Background: Skin tears (ST) or "laceration injuries" or "flap wounds" are injuries that are often found in residents of residential care facilities (RCFs). STs were first defined by Payne and Martin in 1993 as traumatic wounds, located mainly in the upper limbs, caused by "shearing, friction or mechanisms combined with the consequent separation of layers of skin. Skin Tears can cause psychological problems for the patient and represent an economic problem with important repercussions on both the patient and the community. The etiology suggests that the physiological changes of the skin related to old age, together with comorbidity, are among the main risk factors for their onset.

The precise data on the phenomenon are not many, but it is estimated that STs are much more frequent than the same pressure ulcers, observing prevalence rates in RCFs around 40% Therefore, there are several risk factors hypothesized so far. Much evidence has correlated, in various physiological or pathological conditions, the role of estrogens with the functions and aging of the skin.

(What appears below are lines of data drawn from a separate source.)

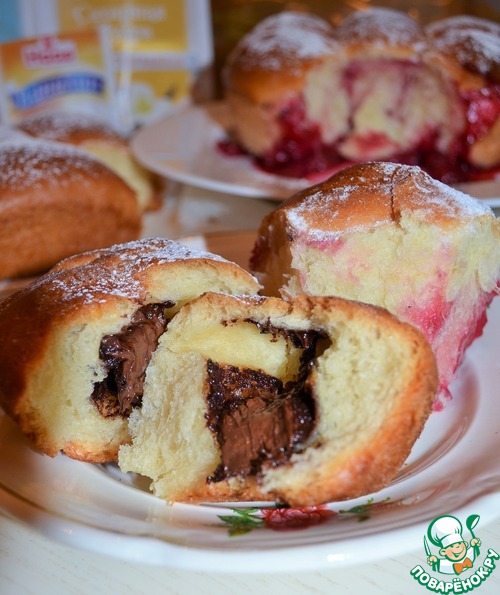 Это один из вариантов вкуснейших австрийских булочек. Традиционно их начиняют джемом, но и с шоколадом они хороши. Рекомендую.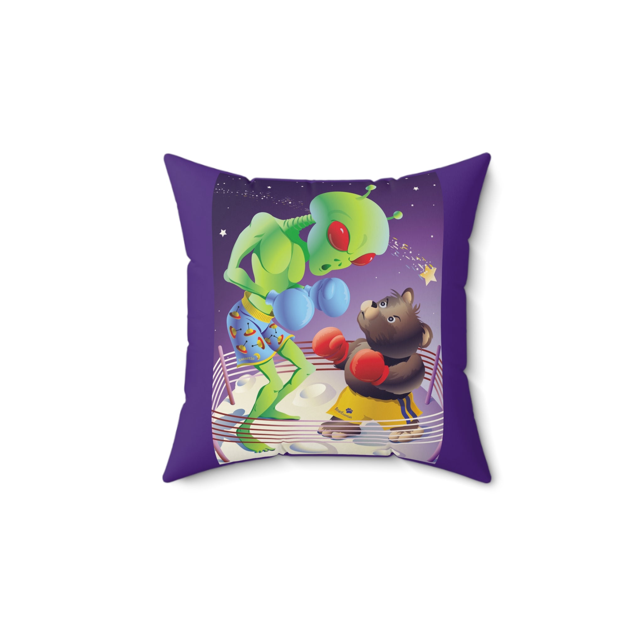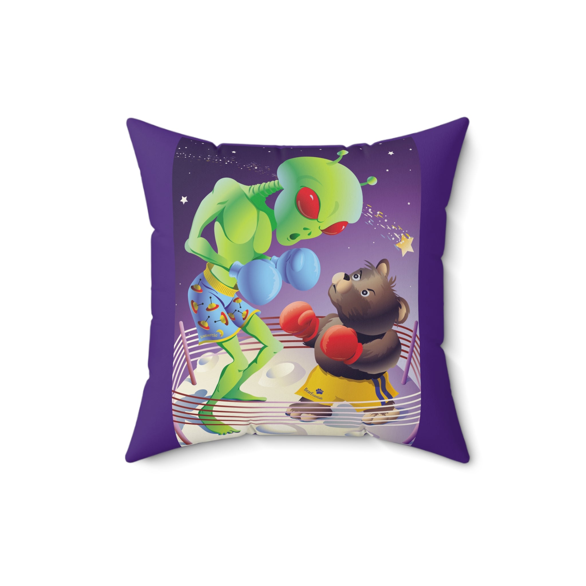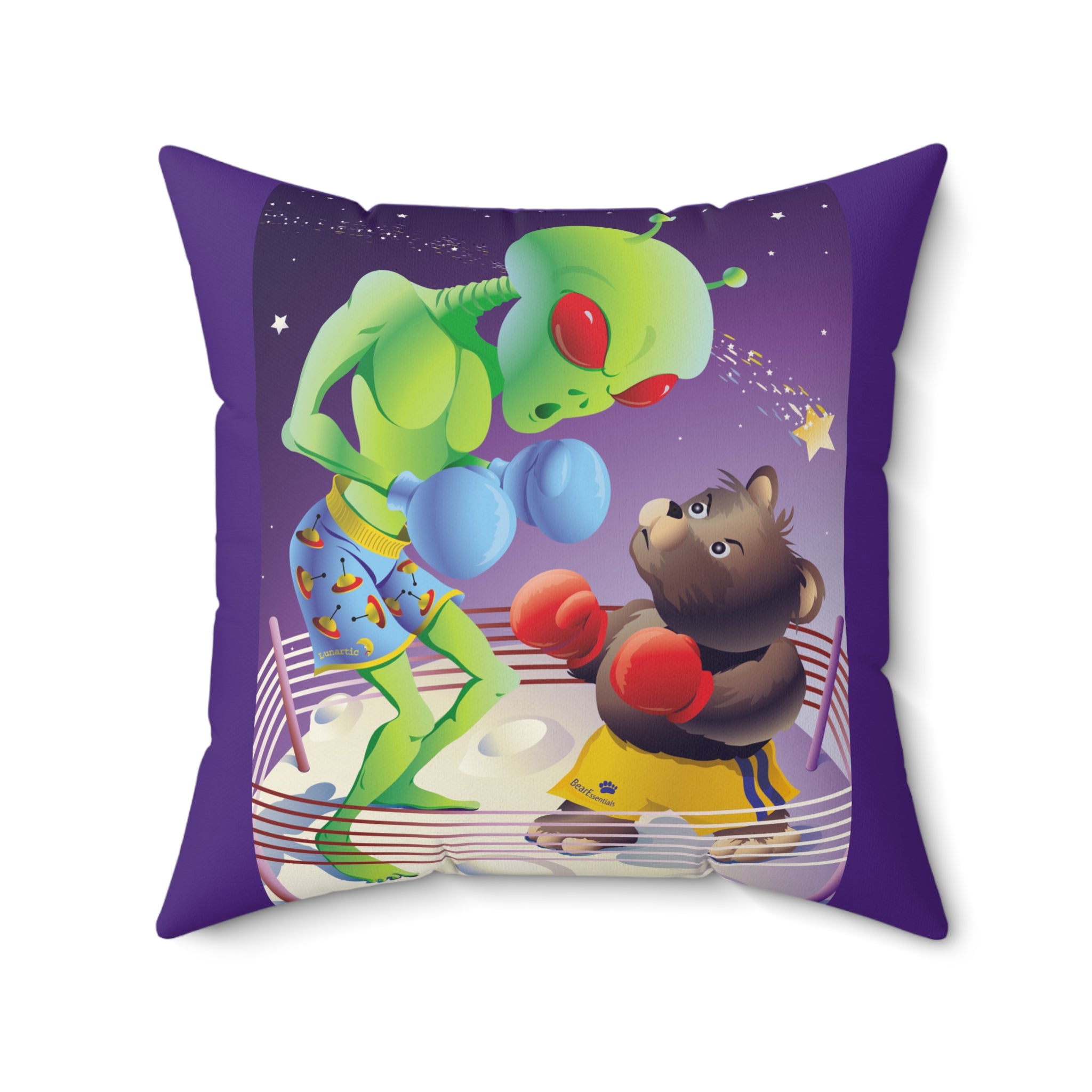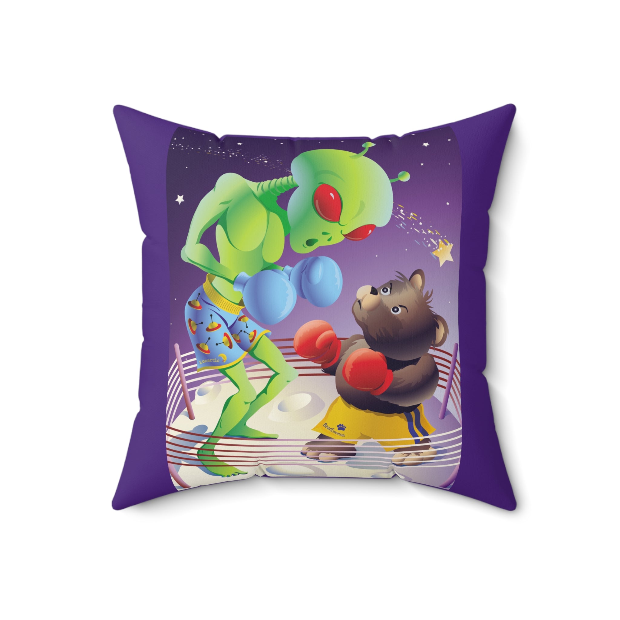Artwork created, designed and digitally remastered by Sarasvati Designs. This bold, modern, and vibrant artwork showcases a captivating scene set in outer space, featuring an alien and a bear boxing in a ring.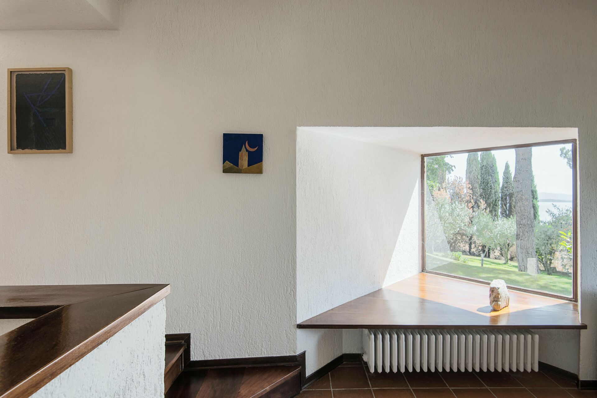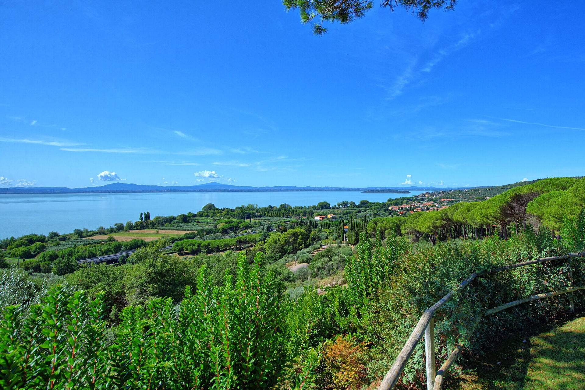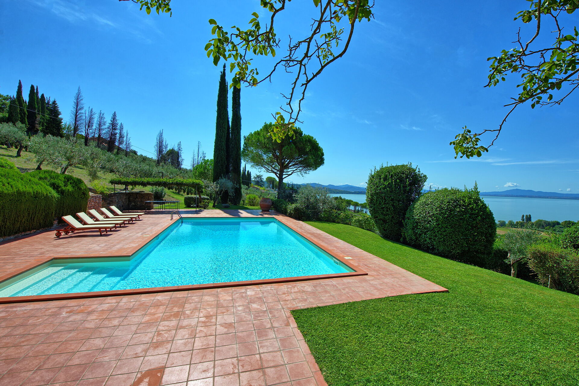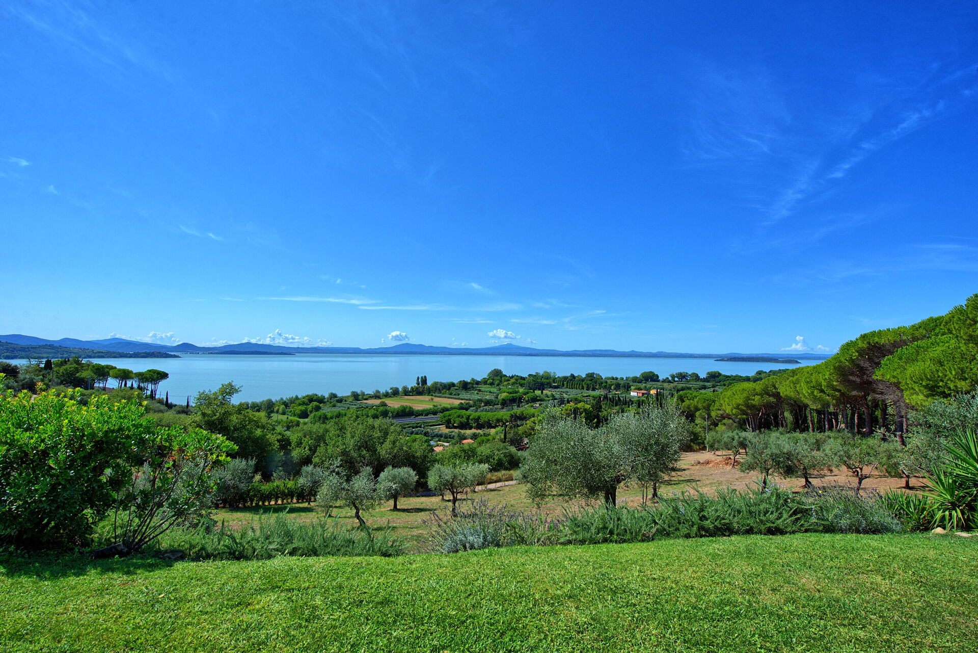 Originele villa gebouwd in 1973 (destijds gepubliceerd in het tijdschrift "Ville en Giardini"), met prachtig grote ramen en terrassen. Gelegen op de helling van een heuvel in de buurt van het meer van Trasimeno, met prachtig uitzicht over dit meer, de eilanden en de glooiende groene heuvels van Umbrië in de verte. Het interieur is gastvrij en in jaren 70 stijl ingericht (de onderste verdieping is eenvoudiger). Buiten is een grote terrasvormige tuin met zwembad en een mooie pergola met barbecue. Deze villa ligt op de grens tussen Toscane en Umbrië en biedt gemakkelijke toegang tot de belangrijkste kunststeden van beide regio's zoals Perugia, Assisi, Arezzo, Montepulciano, Cortona en ook het charmante middeleeuwse dorp Passignano. Het meer van Trasimeno (met stranden) ligt op 2 km afstand en biedt de mogelijkheid om te windsurfen, vissen en zeilen. De snelweg die Siena naar Perugia verbindt, ligt op ongeveer 500m van het huis maar is lager gelegen waardoor het geluid nihil is. De toegang tot de woning is via een smalle weg van ca. 1200m welke . De laatste 300 meter is onverhard.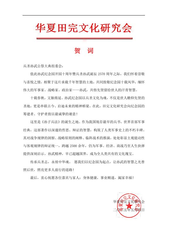 十載春秋,文脈綿延。孫武紀(jì)念園以兵圣文化為魂,不僅是世人瞻仰先賢的圣地,更是串聯(lián)古今、啟迪未來(lái)的精神橋梁。在此,田完文化研究會(huì)向紀(jì)念園的籌建者、守護(hù)者致以最誠(chéng)摯的謝意!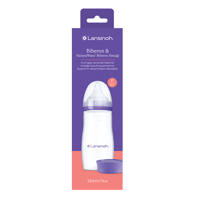 Biberon Lansinoh 330 ml cu tetină NaturalWave® din silicon, conceput pentru a susține alăptarea și tranziția naturală între sân și biberon.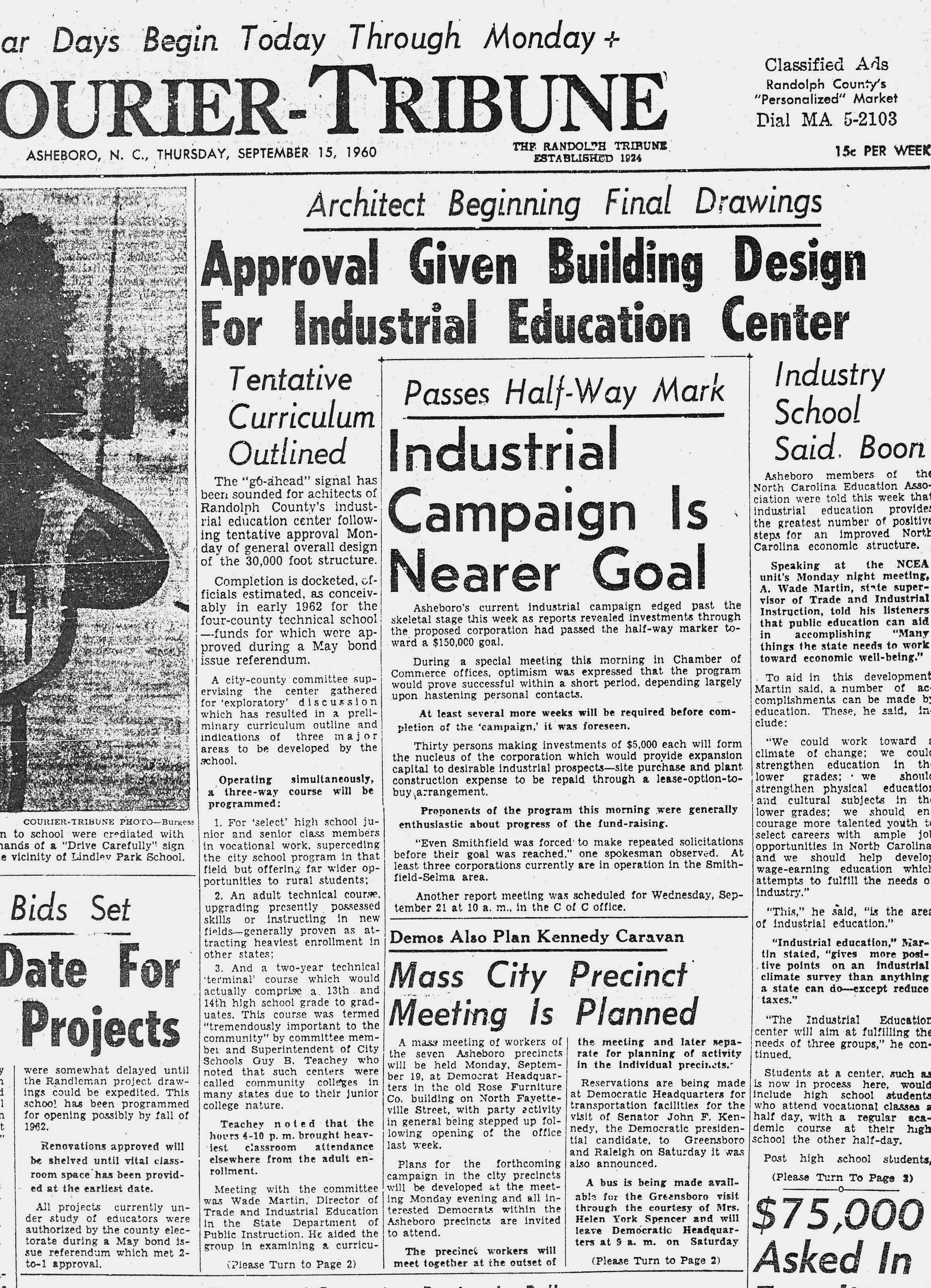January 27, 1960, that the board was contemplating a call for a $3,500,000 school bond election to benefit both Asheboro and Randolph County schools. The first $350,000 would be used to construct a building for the Randolph Industrial Education Center (IEC). A seven-acre tract of land near the intersection of Albemarle Road and Park Street northwest of Asheboro High School was provided at no charge to Randolph County taxpayers by the Asheboro School Board. The industrial education center was described as filling a critical need for the area, as it provided technical training in industrial skills for high school students and night classes for adults who desired to “upgrade” their skills in their current positions or train for a new vocation. The county and city school administrative units would provide a building on land provided at no cost to the County, and the State would equip the building with $150,000 worth of equipment, pay for its operation, and provide trained technicians as instructors. The IEC would provide training in basic industries (oriented to local manufacturing) for county high school graduates who were unable to attend two- or four-year colleges or business schools, or whose employment prospects were only as unskilled laborers or in military service. An editorial titled “School Bond Issue Incorporates Vast Improvements to Schools” in the May 26, 1960, edition of The Courier Tribune expressed, “There would be a ready market for services of young men with one or more years of special training with industrial machinery. The benefits of the industrial training center would be felt county-wide.” Admission would be open to county residents on an equal basis. No tuition would be charged to residents of Randolph County, while residents of Anson, Montgomery, Stanly, and other counties would be charged a tuition fee. Both day and night classes would be available, and adults desiring to learn a certain trade would be eligible to attend as well as high school students.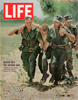 There were other aspects of the coverage of the war in Vietnam which made it unique. The growing trend towards more violent images has already been noted in our discussion of the civil wars in Bangladesh and Lebanon. Its gestation period, indeed its birth, took place in Vietnam. Because of the U S A's involvement in the war, the American media market - the largest in the world - of magazines, periodicals, newspapers, books and television provided the widest platform ever for the publication of pictures of the war throughout its long duration. The public became satiated on a strong diet of war images, and the press responded by providing a stronger fare of yet more violent imagery to satisfy their audience, seemingly hungry for greater thrills.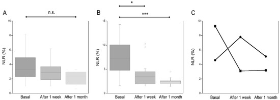 Neutrophil to lymphocyte ratio (NLR) in mild ((A); n = 7), moderate ((B); n = 15) and severe ((C); n = 2) COVID-19 patients at hospital admission (basal), after one week and after one month of hospitalization. * p < 0.01; *** p < 0.0001; n.s.: not significant.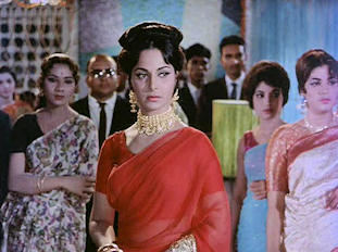 Dilip Kumar was known as the king of tragedy, so his debut in comedy was anticipated with skepticism if not amusement. However, as soon as Shyam appears, all doubts were dispelled, as he gives a hilarious performance as a villager hired to be a hero in a film who actually beats up all the baddies and is told that he will never make it in the movies. He is then soundly beaten by his mother for even thinking about joining the film industry. It must have been quite a shock when the film came out to see Dilip Kumar dancing and singing at a children’s party, pulling faces and putting on silly voices. The others play roles with which they were usually associated. Waheeda and Mumtaz were well cast as opposing types. While Waheeda was already established as a major star, this was the film that moved Mumtaz onto the A-list of actresses, a position she would hold until her marriage. Nirupa Roy is saintly and long-suffering, while Pran is cruel and villainous.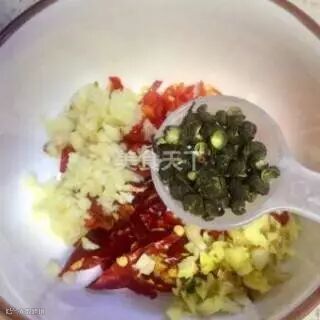 3、把两种辣椒任意切碎,老姜大蒜剁末装在一个碗里,放入30左右的青花椒粒。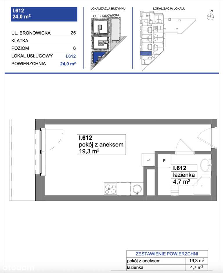 1-pokojowe mieszkanie 23m2 Bez Prowizji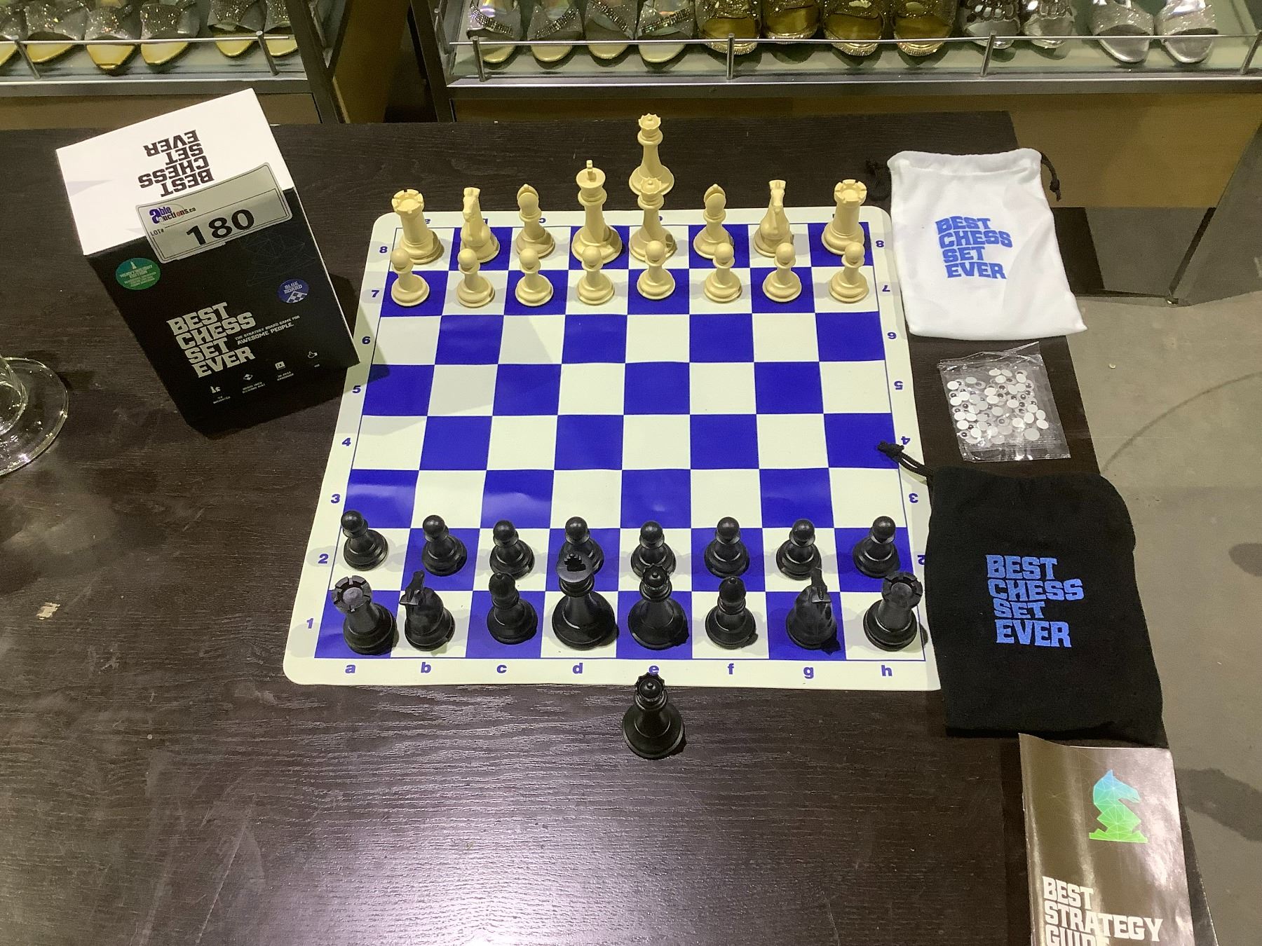 BEST CHESS SET EVER HEAVY WEIGHT EDITION, SILICON BLUE BOARD 20X20", 4X WEIGHTED PIECES, 30 PAGE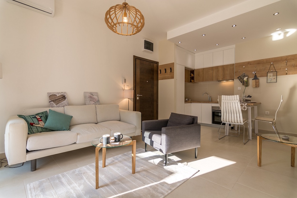 The studio-apartment consists of living room with kitchen, bathroom and terrace.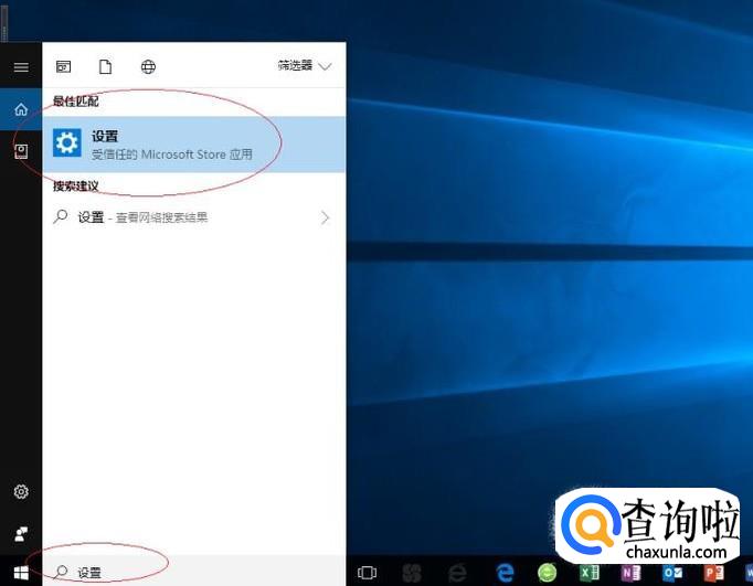 如图所示,搜索框输入"设置"。Cortana(小娜)显示搜索结果,点击"最佳匹配→设置"项。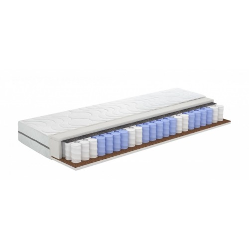 Блок независимых пружин с семью поперечными зонами жесткости. Благодаря разделению блока пружин на 7 зон жесткости позвоночник сохраняет свои естественные изгибы и поддерживается относительно прямым. Плотность – 272 пружин на м2.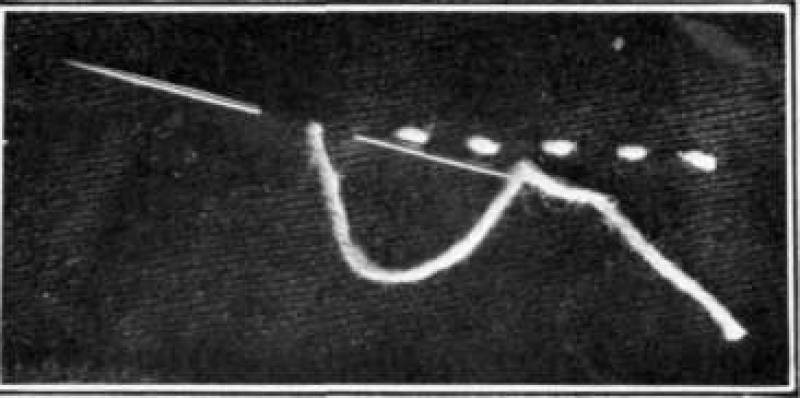 The half back stitch is made in very much the same way as the 'normal' back stitch, but the stitches on the obverse of the fabric are separated, and not touching each other as with the back stitch. Also known as the detached back stitch.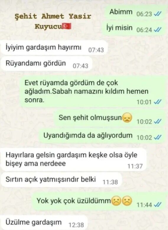 “Evet, rüyamda gördüm. Çok ağladım. Sabah namazından sonra yine ağladım. Sen şehit olmuşsun.”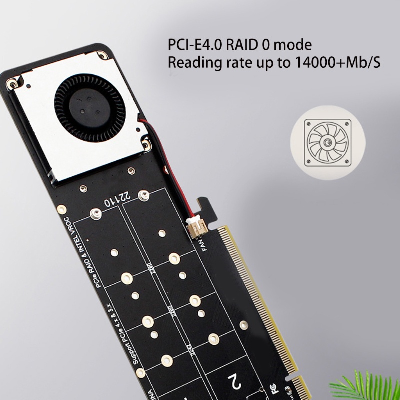 14000Mb/s NVME Adapter M.2 NVME M Key to PCIE 4.0 X16 Expansion Riser Card RAID Features: 100% brand new and high quality Adopt high-end PCB circuit board, surface gold plating process, strong wear resistance, oxidation resistance, and high fire rating. Support PCI-E

Objectives: The project will develop on the analysis of populations of residents from RCFs belonging to the national territory. Two populations of residents cared in the RCF will be recruited. A group of subjects suffering from skin tears (group A) and a control group of subjects without skin tears (group B). The inclusion of patients in both groups will take place through a simple randomization procedure. Group A patients will be staged according to the STAR classification for skin tears. For each group a peripheral venous blood sample will be taken (to measure the levels of estrone and estradiol) and a skin biopsy will be performed in order to measure estrogen receptors (ERs) expression. A data collection sheet with angraphic and anamnestic data will be developed to correlate the demographic and comorbidity data with the clinical conditions of the patients and with the laboratory findings from the sampling.

Expected results: The primary endpoint will be the correlation between serum estrogen levels, receptor expression and the presence of skin tears. The secondary endopoint will be Correlation between receptor structure and clinical staging of skin tears.

Future prospectives: We believe that our study may open new frontiers in the prevention and in the management of these skin lesions.

Detailed Description

BACKGROUND Skin tears were firstly defined by Payne RL and Martin ML, and thereafter by more recent studies, as traumatic wounds occurring principally on the upper limbs, as a result of friction alone or shearing and friction forces, which separate the epidermis from the dermis (partial thickness wounds) or which separate both the epidermis and the dermis from underlying structures (full thickness wounds). Skin tears are reported to be a common wound especially on fragile exposed skin, which can be often encountered among older adult, disabled populations and neonates. Skin tears can be found on all areas of the body and are particularly common on the extremities. Skin tears may be also very common in public hospital (PH) inpatients and residents of residential care facilities (RCF) with prevalence up to 41% in these settings.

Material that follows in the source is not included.